This is a book whose time has come.
We are nurses who have seen poor decisions made at the bedside when an infant or child should have been allowed to die with dignity and love and instead received interventions that caused suffering and heartache.
We have said, "I cannot do it. I cannot resuscitate this child one more time."
We understood what a family's life would be like, but they did not, or could not.
We are caregivers to children readmitted over and over, whose parents, upon giving birth to a baby with a life-limiting condition, were not given an option of palliative care.
We have cried with parents and physician colleagues.
We have held children in our arms whose parents stopped coming.
We now have assistance. For any reader who will care for an infant or child at the time of death, or will send a child home with hospice, a new handbook exists that will be a guiding source for years to come.
The authors, Rana Limbo, Brian Carter, and Charlotte Wool, are names well known in the perinatal and neonatal ethics community. They have worked to create 24 chapters solidly packed with information. They have brought in experts in the field to write chapters. The book is divided into five sections: Understanding Palliative Care; Caring for the Whole Family in Palliative Care; Planning and Decision Making; Physical Aspects of Palliative Care: Diagnosis, Treatment, and Outcomes; and Supporting Families and Care Providers through the Nuances of Palliative Care. They reframe the term "incompatible with life" to "compatible with love." The highlights to me were the chapters on working with surgeons and the chapter on medications and comfort measures for the child. I appreciated the pictures on making mementos and the artwork on the cover. I thought it was brilliant to also include a chapter on the mother's postpartum pain. I appreciated the chapter on providers suspending their own biases.

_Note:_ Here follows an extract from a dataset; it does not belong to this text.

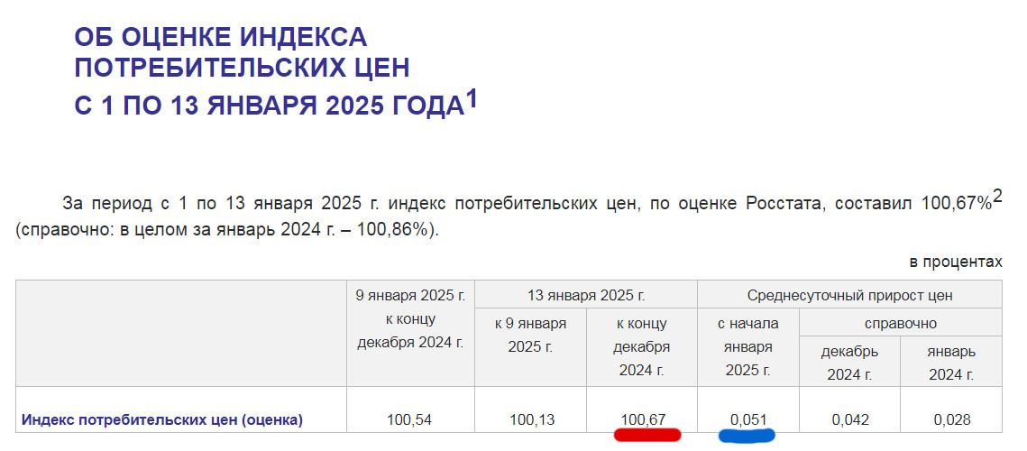 Это видно по резкому инфляционному старту первых двух недель 2025 года, показавшему рост в 0,67% (или 0,051% в сутки) с начала года: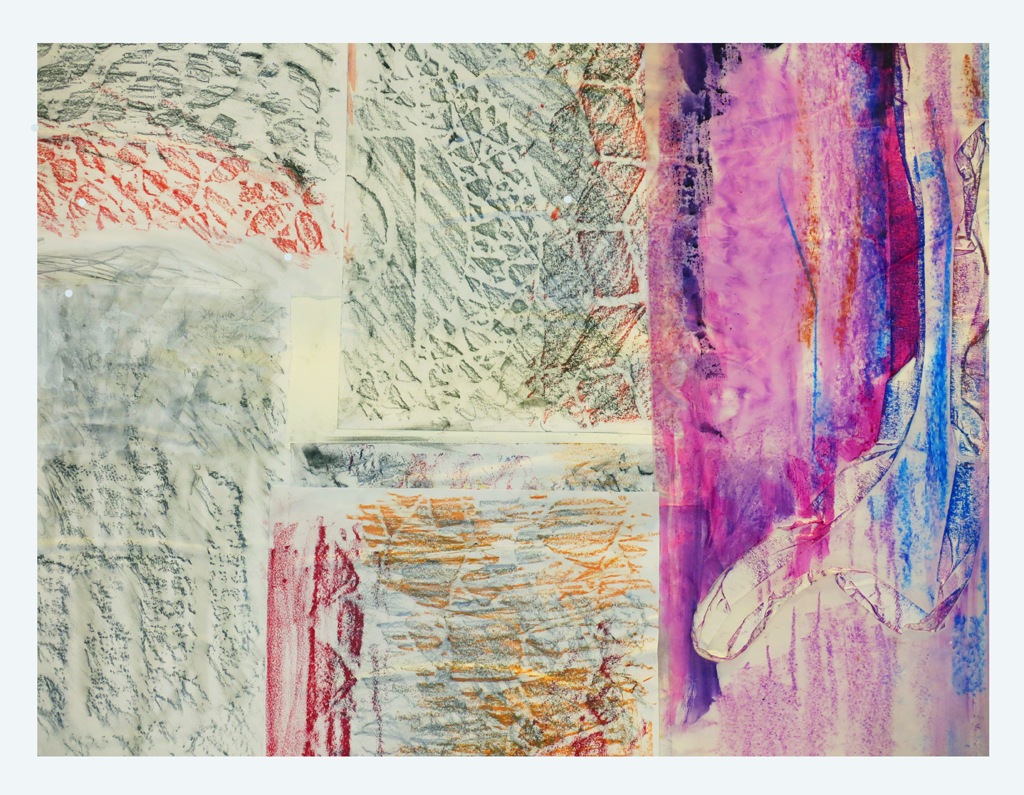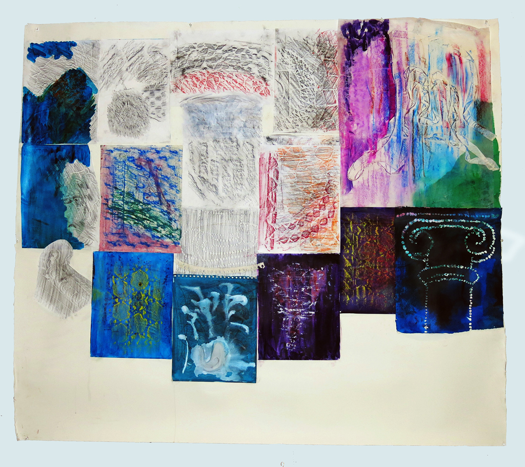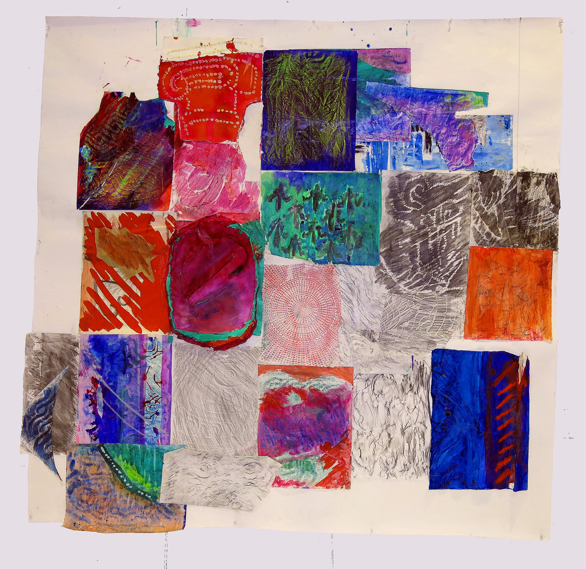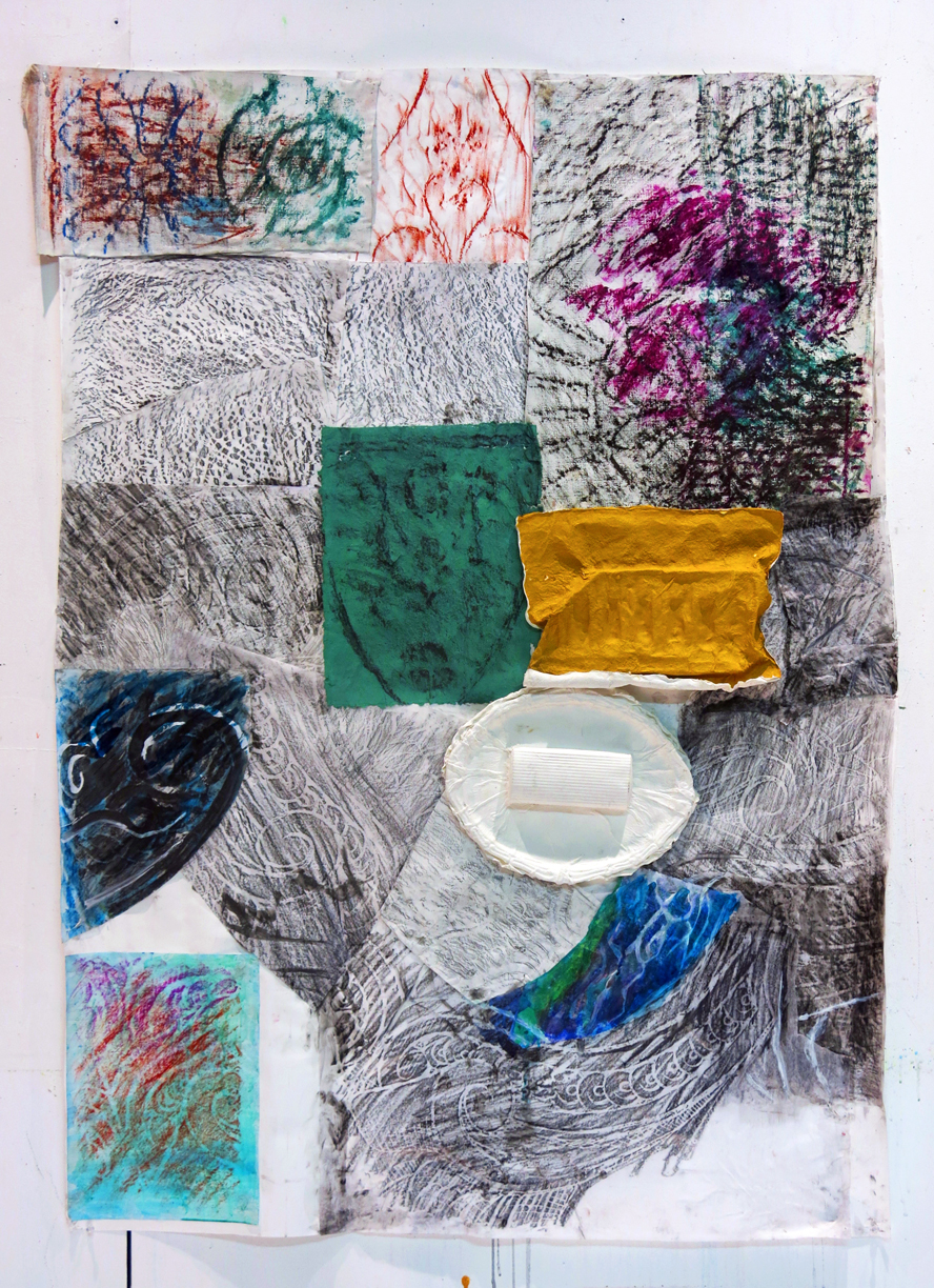 San Francesco, I, mixed media collage with casting, 54″ x 59″, 2019

I reviewed the page proofs of this new book. I felt pride, honor, dignity, happiness, and tearfulness...so many feelings wrapped into one. I thought of the growth in the field, from the early work of Kris Swanson and Esposito and Woods in 1980s, the work Brian Carter and I conducted early on and years of further studies and consultations, the support of the National Perinatal Association and the National Association of Neonatal Care, and all the work of Rana Limbo and her colleagues at Resolve Through Sharing and Pregnancy Loss and Infant Death Association. I was touched seeing those early names of pioneers in the field (Hellman, Mendes, Jameton, McHaffie, Kavanagh, Keubelbeck, Kenner, Sumner, Calhoun, Brandon, Carnavale, McGrath, Leuthner, Lamberg, Lathrop, and Torkildson) appear again. I missed seeing Alex Campbell, Peter Hulac, and Kristina Orfali, who also influenced the field.
The depth of this book, with extended inclusion of diagrams, pictures, policies, Web sites, and references, will shape health care thinking in the field. This work will stand. It will provide guidance to others to create a better world for families and caregivers.